La giurisprudenza è orientata nel senso che il regime della prorogatio trovi la sua ragione sia nella presunzione di conformità della volontà dell’assemblea (Cass. civ., sez. II, 23 gennaio 2007, n. 1405; Cass. civ., sez. II, 27 marzo 2003, n. 4531) sia nell’interesse del condominio alla continuità dell’amministrazione (Cass. civ., sez. II, 30 ottobre 2012, n. 18660).

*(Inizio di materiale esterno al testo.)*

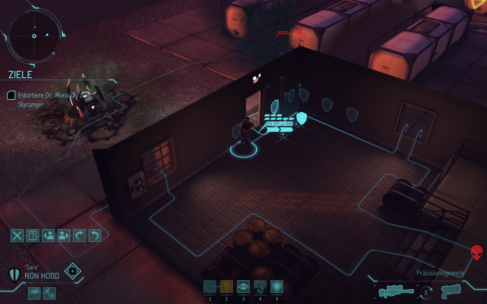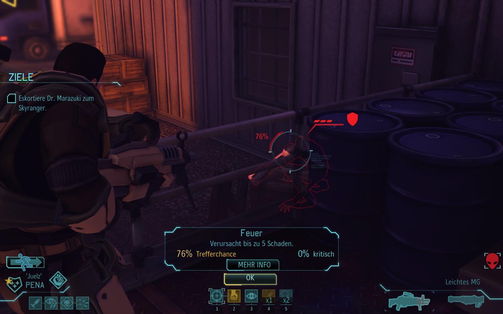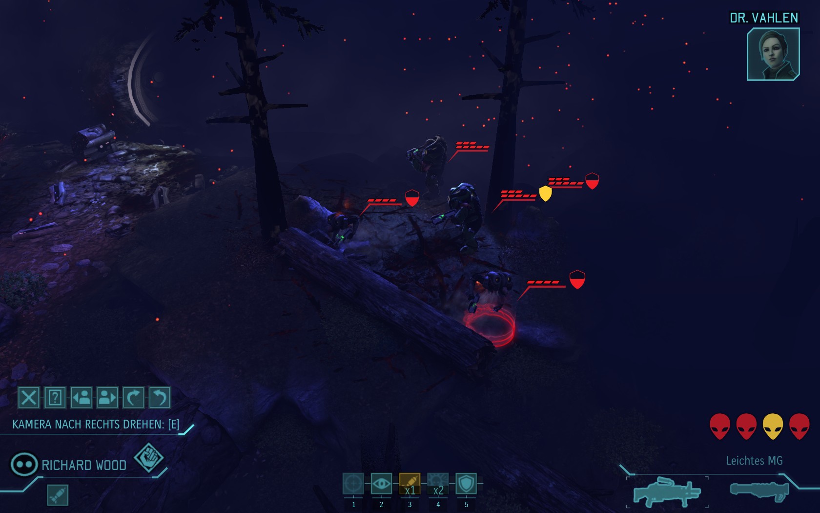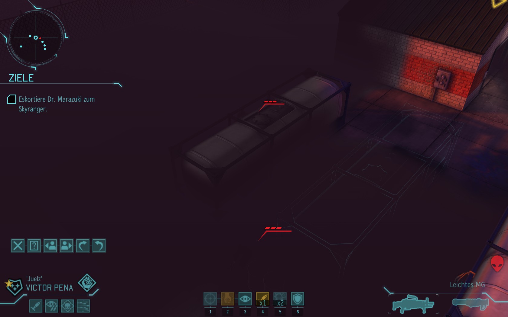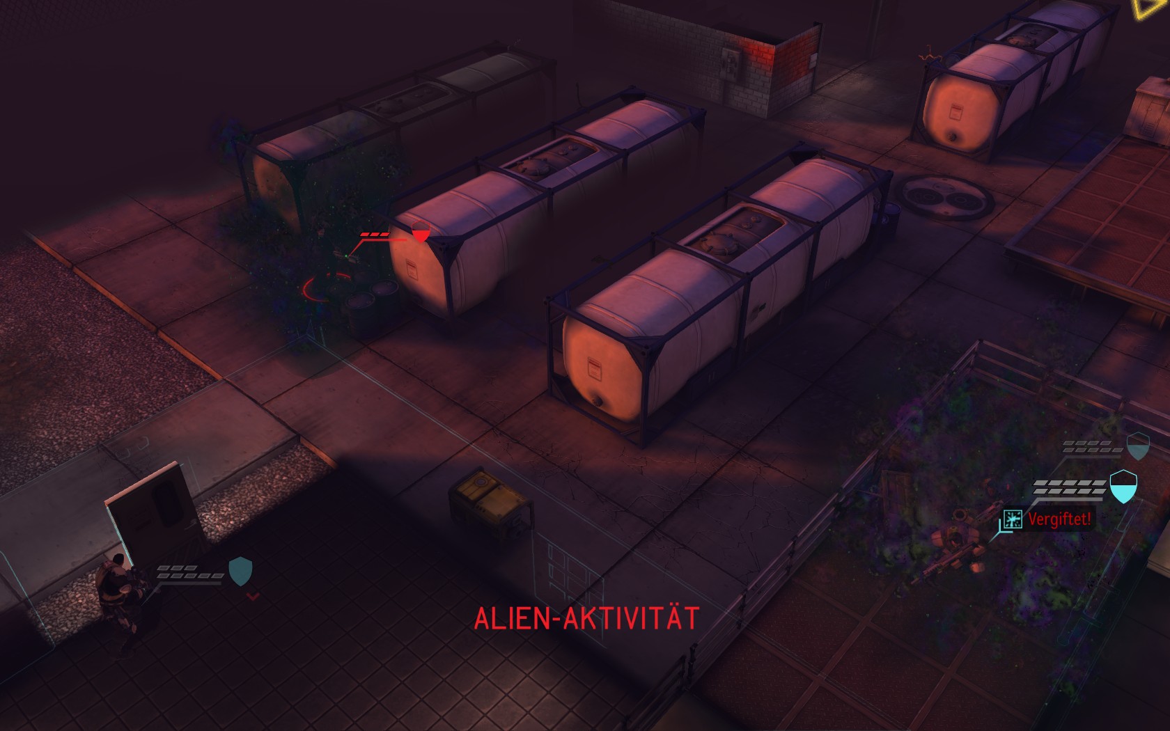 Eine sehr große Gruppe Aliens: 2 Schweber und 3 Mutons! Das sind sehr kräftige und einschüchternde Gegner...

Tirando le fila di quanto detto sinora, possiamo così sintetizzare il quadro inerente alla proroga dei poteri dell’amministratore il cui mandato sia scaduto o revocato, oppure che si sia dimesso:

  • la prorogatio è gratuita (salvo il rimborso delle spese), e quindi nessun compenso spetta all’amministratore uscente, quando si è in attesa dell’imminente subentro del nuovo amministratore nominato. In altre parole, la prorogatio è gratuita nel periodo che va dalla data della nomina del nuovo amministratore alla data del passaggio di consegne (quindi, se la nomina del nuovo amministratore è contestuale alla revoca del vecchio);
  • la prorogatio è onerosa, invece, quando il condominio si trovi privo di un nuovo amministratore. Dunque, se al termine dell’incarico (per revoca, scadenza, ecc.) non avviene una nuova nomina e non è più possibile il rinnovo annuale tacito, l’amministratore continuerà ad amministrare e a percepire un compenso, a meno che l’assemblea non manifesti espressamente l’intenzione di rinunciare al regime di prorogatio ed indichi all’amministratore la persona che lo sostituirà a cui consegnare tutta la documentazione in suo possesso.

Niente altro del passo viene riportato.